Le programme d’histoire en Terminale étudie le monde des années 1930 à nos jours en voie générale comme en voie technologique. Il porte sur les totalitarismes, les guerres, la démocratie, les relations entre puissances, la France, l’Europe et les grandes mutations du XXe et du XXIe siècle.
« Madame, on commence à quelle date en histoire en Terminale ? » C’est l’une des questions que j’entends le plus souvent en début d’année. La réponse paraît simple, mais elle cache en réalité deux programmes proches et pourtant distincts selon la voie générale ou technologique. Pour éviter les confusions, mieux vaut repartir des textes officiels : on y retrouve les grandes fractures du monde contemporain, de la crise des années 1930 aux recompositions géopolitiques les plus récentes. Comprendre cette architecture dès le départ aide vraiment à réviser avec méthode et à mieux cibler les attentes du bac.
En bref : les réponses rapides
Quel est le programme d’histoire en terminale ? La réponse rapide et officielle
En Terminale, l’histoire est bien enseignée dans la matière histoire-géographie terminale, en voie générale comme en voie technologique. Le programme officiel terminale couvre le XXe siècle et le début du XXIe siècle, avec un fil directeur commun : guerres, totalitarismes, démocratie, relations entre puissances, France, Europe et monde depuis les années 1930 jusqu’à aujourd’hui.
Le cadre de référence est clair : les textes de l’Education nationale, les programmes publiés sur Education.gouv.fr et les ressources d’accompagnement d’Eduscol. Si vous cherchez le programme histoire terminale, il faut donc regarder la discipline complète, histoire-géographie, puis isoler la partie histoire. En Terminale générale, l’intitulé met davantage l’accent sur les relations entre puissances, les recompositions du monde et l’opposition des modèles politiques depuis les années 1930. En Terminale technologique, le cadrage est plus directement centré sur les totalitarismes, les guerres mondiales, les tensions de la guerre froide et la construction des démocraties contemporaines. La matière existe donc bien dans les deux voies. Ce qui change, c’est l’angle d’étude, le découpage des thèmes et le niveau d’approfondissement attendu.
Les grandes bornes chronologiques sont stables et structurent tout le programme officiel terminale. On part de la crise de 1929 et des bouleversements des années 1930. On passe par la Seconde Guerre mondiale, les régimes totalitaires, puis le monde bipolaire de la guerre froide. Le programme aborde aussi les dynamiques du tiers-monde, les transformations des années 1970, la rupture de 1991 avec la fin de l’URSS, puis les recompositions géopolitiques des années 1990 à nos jours. Cet article traite seulement l’histoire. La géographie de Terminale, elle, porte sur les territoires dans la mondialisation, l’Union européenne, la France et ses dynamiques spatiales, afin de couvrir l’ensemble de l’histoire-géographie terminale au lycée.

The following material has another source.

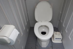 今年初の試みとして、匂いが漏れないという洋式の簡易トイレを置いてみました。以前にはなかった新しいタイプです。
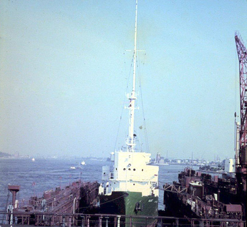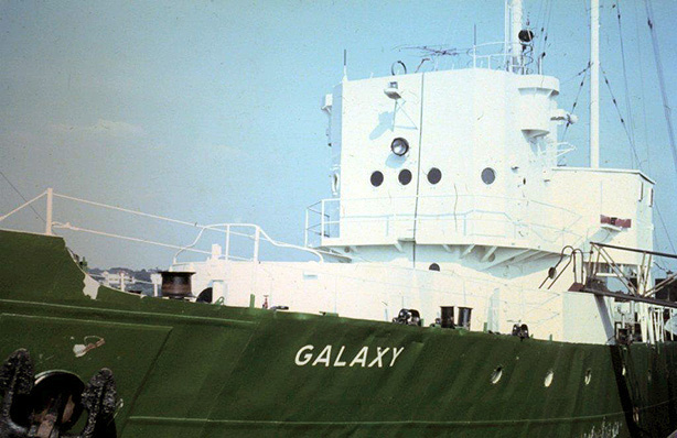 This collection of photos, kindly scanned by Ron and his friend Ton, includes some we have not previously seen and others which are better versions of ones we had received previously. They show the Galaxy during her 'green period', which was during the early years of her stay in Hamburg, when she still looked quite a smart vessel. |

En terminale générale comme en terminale technologique, l’histoire reste obligatoire dans l’histoire-géographie. Le cœur du programme va des années 1930 au début du XXIe siècle, avec des nuances d’angle selon la voie.
Terminale générale ou technologique : le tableau qui montre ce qui change vraiment
La vraie différence générale technologique ne tient pas seulement aux chapitres. Elle tient surtout au regard historique demandé. En Terminale générale, le programme élargit l’analyse des relations internationales, des modèles politiques et de la mondialisation. En voie technologique, le parcours est plus resserré. Il cible les totalitarismes, les guerres, la démocratie, la France et les grandes mutations du monde contemporain.

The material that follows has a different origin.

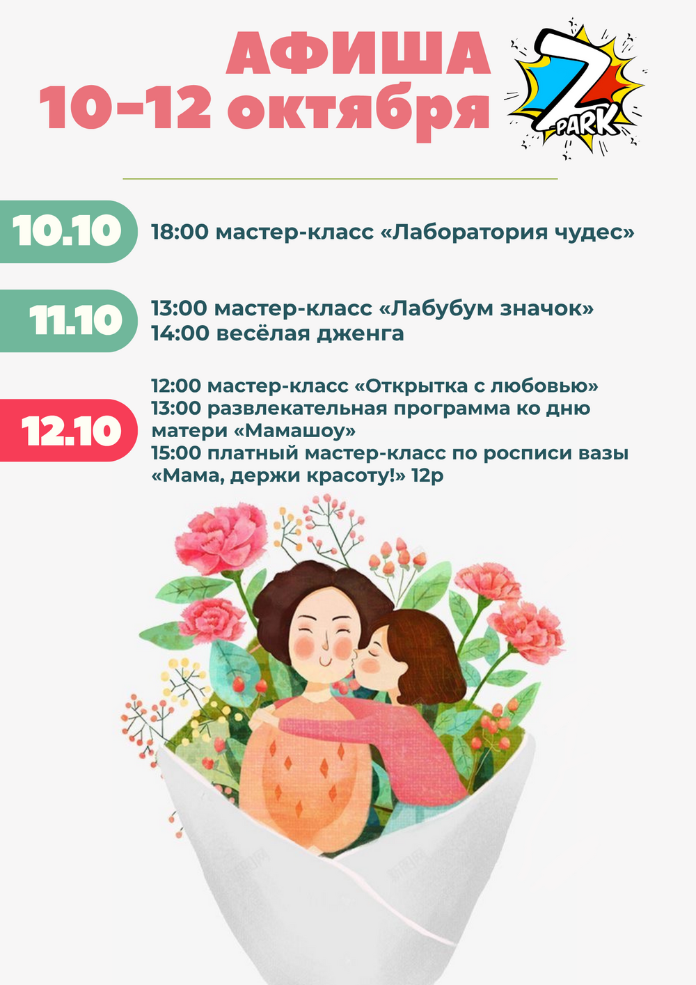 Все мероприятия, за исключением платного мастер-класса в воскресенье, абсолютно бесплатны, вы оплачиваете только входной билет для ребенка в парк. Взрослые в сопровождении проходят бесплатно

| Point comparé | Programme histoire terminale générale | Programme histoire terminale technologique |
|---|---|---|
| Intitulé officiel | Les relations entre les puissances et l’opposition des modèles politiques, puis dynamiques du monde contemporain selon le programme en vigueur. | Totalitarismes, guerres et démocratie, puis transformations politiques, sociales et économiques du monde contemporain selon les séries technologiques. |
| Périodes étudiées | Du début du XXe siècle aux recompositions récentes, avec un fort passage par 1945, le monde bipolaire, les années 1970, 1991 et les années 1990. | Du premier XXe siècle à aujourd’hui, avec une progression plus directe entre Seconde Guerre mondiale, guerre froide, démocratie, décolonisation et mondialisation. |
| Logique du programme | Comparer des puissances, comprendre les rivalités, suivre les ruptures géopolitiques et les recompositions de l’ordre mondial. | Expliquer les grands régimes, les conflits majeurs, l’affirmation démocratique et les mutations économiques et sociales. |
| Exemples de thèmes | Europe dans la guerre froide, tiers-monde, décolonisation, construction européenne, nouvelles conflictualités, place des États-Unis. | Nazisme, stalinisme, Seconde Guerre mondiale, guerre froide, Ve République, France depuis 1945, économie et société depuis les années 1970. |
| Compétences attendues | Plus de mise en relation, de contextualisation longue, de comparaison d’échelles et d’analyse de documents. | Davantage de repères solides, de récit organisé, d’explication claire d’un phénomène et de mobilisation précise des dates. |
| Niveau de mise en contexte | Large. L’élève doit relier un chapitre à une dynamique mondiale et à plusieurs acteurs. | Plus guidé. L’élève doit d’abord maîtriser le cadre chronologique et politique avant d’élargir. |
| Place de la France, de l’Europe et du monde | France et Europe sont souvent étudiées dans des jeux d’échelle avec le monde. | La France occupe une place plus visible. L’Europe et le monde servent davantage de contexte explicatif. |
| Ce que cela change pour l’élève | Il faut problématiser davantage. Au bac, une copie faible récite les faits sans montrer les logiques. | Il faut sécuriser les repères. Au bac, une copie faible confond dates, régimes, acteurs et étapes chronologiques. |
Ce tableau évite un piège fréquent. Beaucoup cherchent programme histoire terminale STMG, term ES ou encore programme 2021/2022. Ces libellés circulent encore, mais ils ne garantissent pas la bonne version. Pour travailler juste, vérifiez toujours le texte officiel en vigueur sur Education.gouv.fr ou Eduscol. Concrètement, le programme histoire terminale générale demande plus de recul sur le monde bipolaire, les recompositions après 1991 et la mondialisation. Le programme histoire terminale technologique reste plus centré sur les thèmes officiels histoire terminale qui structurent les bases : guerres, démocratie, économie, société. C’est ce décalage d’angle, plus que la seule liste des chapitres, qui change vraiment la méthode de révision.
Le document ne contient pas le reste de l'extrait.